Valparaiso Law School announced its plans to close less than a month after the Tennessee Higher Education Commission rejected its plan to transfer to a public university in that state.
Valparaiso University announced Tuesday that Valparaiso Law School will close following an unsuccessful attempt to transfer the law school to Middle Tennessee State University.
The law school is working with the Higher Learning Commission and the American Bar Association to develop a teach-out plan that will ensure the remaining 100 second- and third-year students finish their degrees.
That plan could take a number of forms, according to Mark Heckler, president of Valparaiso University in northwestern Indiana. Once approved, the plan will dictate the timeline for the school’s closure.
“We really need to spend time with the accreditors, spend time with the students to talk about our options with how to proceed,” he said.
In 2017, Valparaiso Law School announced that it would no longer admit new students. Remaining students have the option to transfer out of the law school, and current faculty and staff have signed an agreement with the university to stay until the end of this academic year, which included an “incentive for them to stay,” Heckler said.
One potential teach-out arrangement would be to retain a group of faculty members to teach the level-three curriculum that remaining students will need to graduate after this year. Valparaiso is one of six law schools in the greater Chicago area, and another option would be to have students complete their coursework at one of the nearby law schools and transfer the credits back so that Valparaiso can confer their degrees.

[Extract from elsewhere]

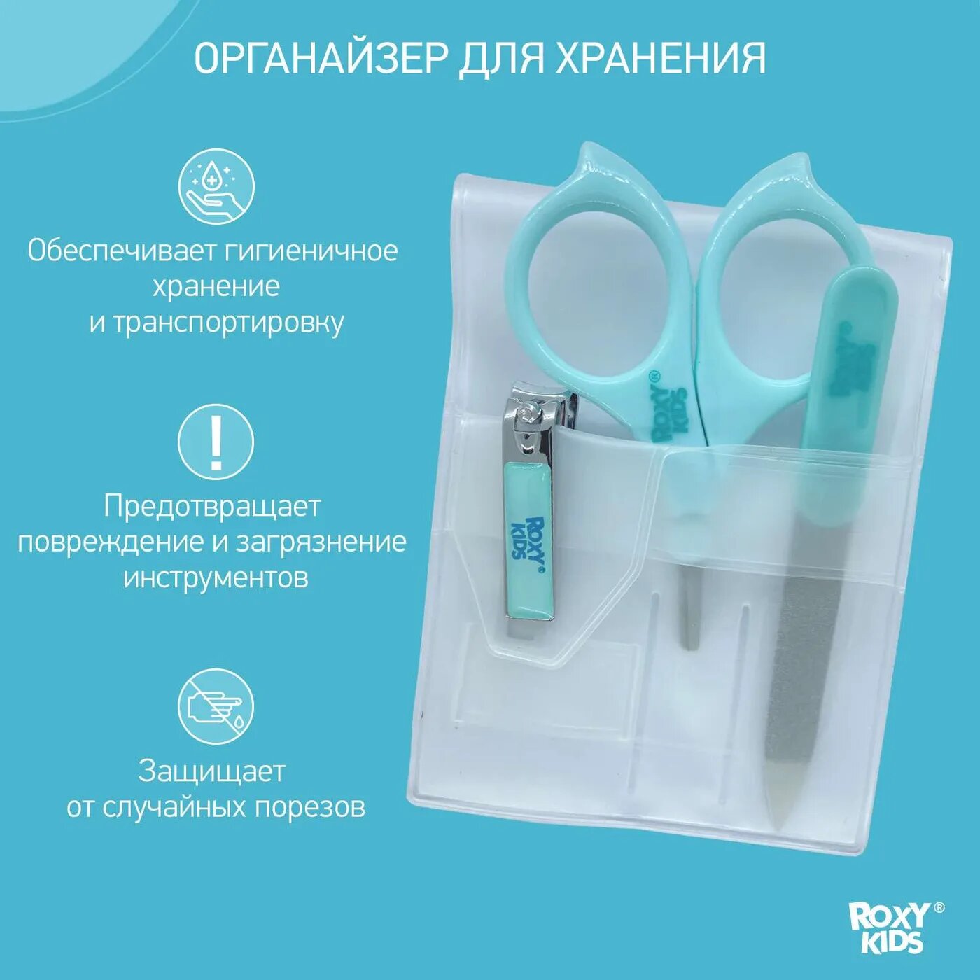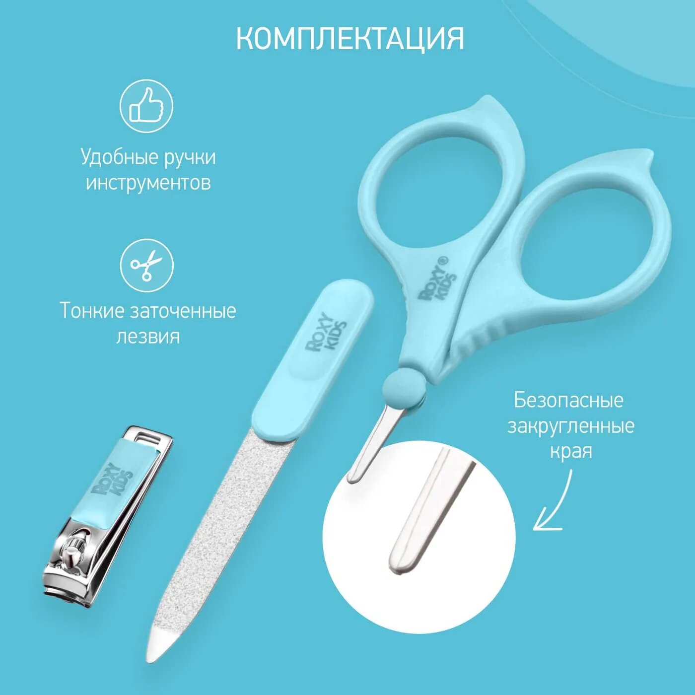 Маникюрный набор от ROXY-KIDS: ножницы, пилочка, кусачки 0+. Цвет голубой

The Board of Directors of Valparaiso University ultimately made the decision to close the law school.
“This has been an extremely difficult decision and is the result of several years of careful discernment,” Frederick Kraegel, chairman of the Board of Directors of Valparaiso University, said in a press release. “We have explored a number of strategic alternatives. Despite these efforts, we have not been able to achieve a more positive outcome.”
The closure was announced less than a month after the Tennessee Higher Education Commission rejected a proposal to transfer the law school to Middle Tennessee State. The law school announced its intent to transfer in June. At the time, there was some speculation about whether Tennessee needed another law school in addition to the six the state already has. Such concerns ultimately influenced the commission’s decision; Nashville Public Radio reported that several lawyers and law schools in Memphis and Knoxville who consulted on the commission's decision were concerned about a potentially watered-down law school market in the state.
Heckler met with law students and faculty on Monday and said that given the Tennessee commission’s decision, they were not surprised by the closure announcement.
“I think especially the faculty and staff understood that this would be the only option for the board,” Heckler said. “Students had been following each of the steps here on Middle Tennessee, and I think they too had reached that conclusion. It doesn’t make it any easier. Everybody here is very sad, very disappointed.”
The university will convene a task force in the spring to determine how best to use the law school buildings.
Valparaiso is not the first law school to close its doors in recent years -- Whittier Law School announced its plans to close in 2017. The external pressures facing Whittier and Valparaiso are similar: there is less demand for law degrees, and the student applicant pool is less impressive than it used to be.
The 2008 recession hit the law market hard, said Kyle McEntee, executive director of Law School Transparency, a consumer advocacy nonprofit.
“Law schools, for a long time, were able to expand without regard for any market pressure,” McEntee said. “They had access to a student loan system where students could borrow as much as they needed to get through law school. They operated with a presumption that law school was a ticket to financial security.”
After the recession, this was no longer the case. According to Law School Transparency data, legal education enrollment peaked in 2010 at 52,000 students and took a sharp decline through 2014. Since, enrollment numbers have plateaued around 37,000 students, but the enrollment decline caused a “financial shock” to the law school system, McEntee said.
“Law schools were forced make enrollment decisions,” he said. “Many schools made choices to enroll people who had no business being in law school. Their predictors showed a high likelihood of [those students] not passing the bar exam, which makes it textbook exploitation.”
Valparaiso Law School was one of those schools. In 2016, the ABA sanctioned the school for admitting students who were unlikely to succeed.
“When you have fewer students applying to law schools, there’s a cascading effect,” Heckler said. Elite law schools began to enroll less qualified applicants, causing middle-tier schools like Valparaiso to reach even lower.
The number of law school applicants has also steadily declined since 2003, and, in 2016, 42,800 of 52,800 applicants were admitted to law school. Admissions standards have relaxed significantly; in 2003-04, the national acceptance rate was 55.6 percent, and it peaked at 78.1 percent in 2013-14. In 2015-16, it was 75.8 percent.
McEntee said more law schools are likely to close.
"I do think we’ll see more school closures. I will not predict which ones they are, because it depends on a number of factors including support from a central university and their desire to see a school stay open, or support from the state," he said. "It’s the independent schools that are really struggling most. Will we see a well-regarded regional school close? It wouldn't surprise me."